I immediately knew that I would have to have every single one of these issues as soon as I flipped through Web of Spider-Man #32. I headed for eBay and bought the remaining issues for next to nothing. Damn, this a story for the ages. I doubt that many comic book super-villains have enjoyed the kind of magnificent send-off that Sergei Kravenoff did in this multi-part epic. In "Kraven's Last Hunt", the hunter's long-term festering aggravation over his inability to best Spider-Man has finally destroyed his sanity. Kraven hatches a scheme that actually defeats Spider-Man, who is seemingly shot to death and buried, allowing the villain to don a copy of Spider-Man's costume in an effort to prove himself superior at his adversary's former activities.
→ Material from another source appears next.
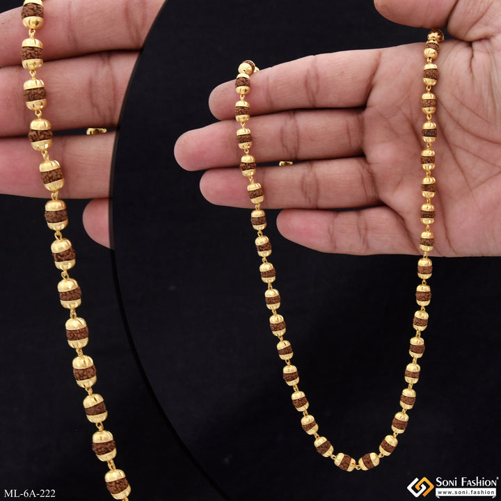 Elevate your style with our Charming Design Golden Mala for Men. Vintage and Rajwadi inspired, this premium-grade quality Mala features Rudraksha beads for a religious touch. Its textured design and Hid_Reg_Plating...

As “Spider-Man”, Kraven roams throughout New York City, brutally attacking criminals, including a group of thugs attempting to assault Mary Jane Watson (who had only recently wed Spider-Man/Peter Parker). The culmination of these activities is Kraven's successful capture of the super-villain, Vermin, whom Spider-Man had previously needed the help of Captain America to defeat. Two weeks later, Spider-Man revives from the effects of the tranquilizer dart that Kraven had shot him with, and he manages to dig his way out of his own grave. After Spider-Man confronts Kraven, the hunter does not even fight back, considering himself the victor having made his final point.

Kraven ultimately releases Vermin, who attacks Spider-Man, thinking him responsible for his brutal capture. Vermin defeats Spider-Man, but Kraven intervenes before the creature can kill him. Kraven allows Vermin to go free and tells Spider-man he can pursue him if he desires, but that Kraven's hunting days have ended. While Spider-Man goes after Vermin, Kraven retires to his home, reminiscing about his past and the peace that he now feels, and then he commits suicide with a shotgun in his mouth. Spider-Man finally confronts Vermin and is able to outwit him, and then he goes home to his wife and recovers.

DeMatteis and Zeck truly deserve the acclaim they received for this story line, but mention must also be made of the superlative efforts of inker Bob McLeod, letterer Rick Parker, colorist Janet Jackson and Editor Jim Salicrup on this terrific set of books which represent the kind of gold standard that the comic book business used to turn out each and every month.

1 comment:

Cowboy Yogi said...

Kraven's Last Hunt is one of my favorite comics stories. Good catch.